For instance a OHM message for a Person
resource which has a collection of Address
could look like this:
{
"content": {
"firstName": "Jane",
"lastName": "Doe"
},
"controls": {
"openapi": "3.0.1",
"info": {
"title": "rest",
"version": "0.0.1"
},
"paths": {
"/api/addresses/1": {
"get": {
"summary": "John Doe's address"
}
}
}
}
}
The content field contains the information describing a Person called Jane Doe in the usual application/json
media type. And the controls
field is an OAS with a link to Jane Doe's address. An OHM client can then be used to navigate from the Person to its address without prior knowledge of the path, method, arguments, etc... that must be used.
It's also possible to use OHM to describe write operations:
GET /api/orders/106
{
"content": {
"id": 106,
"product": "Licensed Concrete Keyboard",
"cost": 571.0,
"customer": {
"id": 1,
"name": "Ricky Swift"
}
},
"controls": {
"openapi": "3.0.1",
"paths": {
"/api/orders/106": {
"put": {
"summary": "Update order 106",
"requestBody": {
"content": {
"application/json": {
"schema": {
"$ref": "#/components/schemas/Order"
}
}
}
}
},
"delete": {
"summary": "Delete order 106"
}
},
"/api/customers/1": {
"get": {
"summary": "Get this order's customer (id=1)"
}
}
},
"components": {
"schemas": {
"Order": {
"type": "object",
"properties": {
"cost": {
"type": "number",
"example": 571.0
},
"customer": {
"type": "object",
"properties": {
"id": {
"type": "integer",
"example": 1
}
}
}
}
}
}
}
}
}
This is a classical CRUD resource where a PUT operation can be used to update the resource or a DELETE one to remove it. We can note that OpenAPI helps to fully describe the expected request body of the PUT operation and its media type.
The rest of this post will explain how to use this format to build better APIs truly embracing REST concepts with HATEOAS.
OHM is a media type for REST
First, what is a true REST application (also called REST level 3)? If you already know, you can skip this whole chapter. But I talk with a lot of people who say they do REST APIs but don't realize that what they do is actually good old RPC (Remote Procedure Call) over HTTP.
Quoting Roy Fielding, the inventor of REST:
"What needs to be done to make the REST architectural style clear on the notion that hypertext is a constraint? In other words, if the engine of application state (and hence the API) is not being driven by hypertext, then it cannot be RESTful and cannot be a REST API."
A key constraint of REST is thus to use Hypermedia As The Engine Of Application State (HATEOAS). It was at the core of the REST dissertation and even in the name "REpresentational State Transfer" and that's what makes this architectural style so unique. HATEOAS means that messages received from the server contain all the necessary information to drive the application. That's exactly how navigation works with HTML documents : you go from one state to the other using links and forms. So REST is used everyday when you go on the Web and navigate HTML documents with your browser. But never when you call a Web service through an HTTP+JSON API...

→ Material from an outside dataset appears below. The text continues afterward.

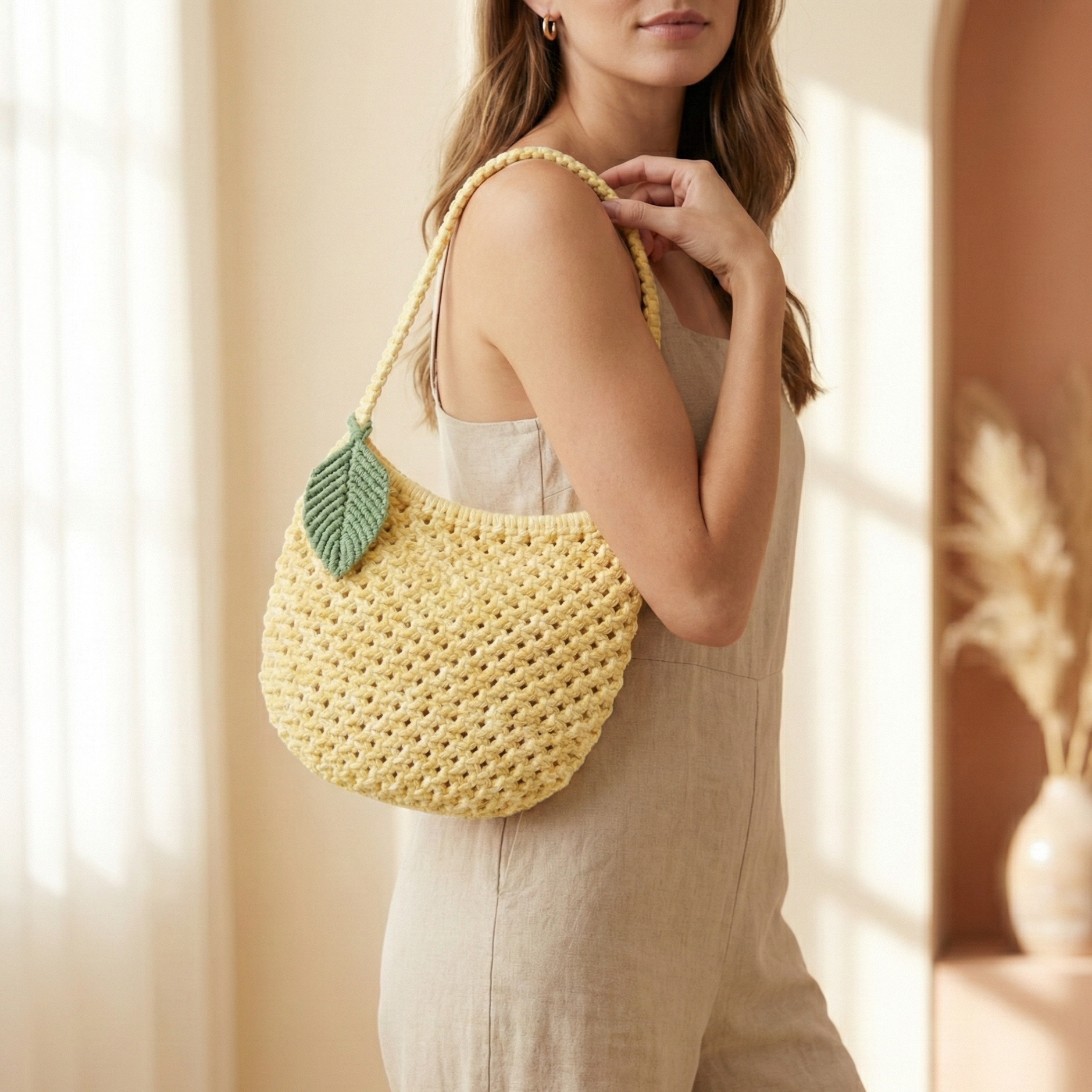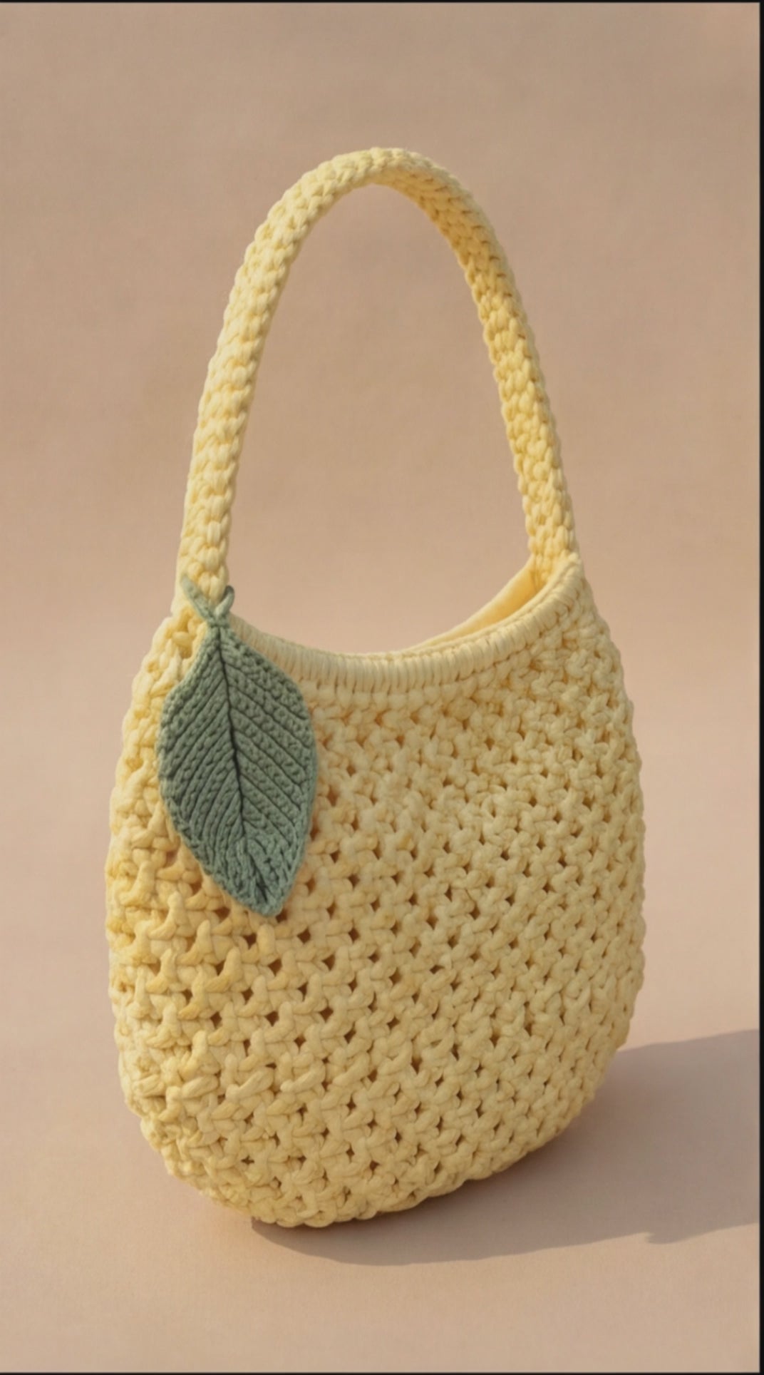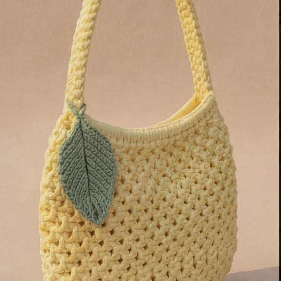 Fresh, soft, and effortlessly stylish — the Lemon Leaf Handbag is the perfect everyday crochet bag with a sunny charm. Handcrafted in a warm lemon-yellow tone and finished with a beautiful leaf detail, this bag adds a subtle statement to any outfit.

OHM provides HATEOAS support through the controls
field. If we compare with HTML, it's the equivalent of anchor links (GET) and forms (POST). But as it relies on OpenAPI, it can use all the HTTP methods. The content
field is the equivalent of all the divs and CSS that contain the representation of a resource. In a sense, OHM is a format oriented towards machine (easy to parse) whereas HTML is oriented towards humans (with graphical information).
When to use a REST approach with the OHM format ?
At the time of Roy Fielding's dissertation, the state of Web applications was fully residing in the server.
But with the advent of JavaScript in the browser and the mobile revolution, the state machine of the application has now moved inside the various clients and there's no need anymore to transfer the state transitions from the server. So we just expose Web services from the server and use them with RPC HTTP calls that we describe with OpenAPI.
With a REST format such as OHM, you can put the state management of the application back into the server. This gives the possibility to share parts or the whole application logic between the different types of client (browser, mobile, ...). And you can evolve the application logic without having to update the client which is a major gain when working with native mobile apps.
The advantage compared to HTML is that the view is still built by the client and so it can be used with non-HTML clients such as native mobile ones.
There's also the case where we don't expose an application but a Web service. In that case the application stays in a client that we don't control and REST has maybe small advantage here. It provides a browsable API for the consumers so they can better understand the natural chaining of API calls but you could see that as a too small benefit compared to the additional work needed to add Hypermedia links.
Except if you use the same endpoints for both your applications and your services. In that case OHM will provide HATEOAS for the application and your clients can still get the service content in the content
identical as if they where using the application/json
mediatype.
Another advantage of using REST and OHM for Web services is that you can provide an endpoint that lists all the possible operations that are available for clients. A bit like if you provided a single HTML page with all the links and forms that exist on your Web site. With a shared semantic between the client and the API (for instance using the OpenAPI field operationId
), you can create clients that build the URLs and requests dynamically and will adapt even if you change the URLs or the parameter disposition on the server. Of course, if non-REST clients use the API, it will still be needed to version the API and ensure backward compatibility for these clients.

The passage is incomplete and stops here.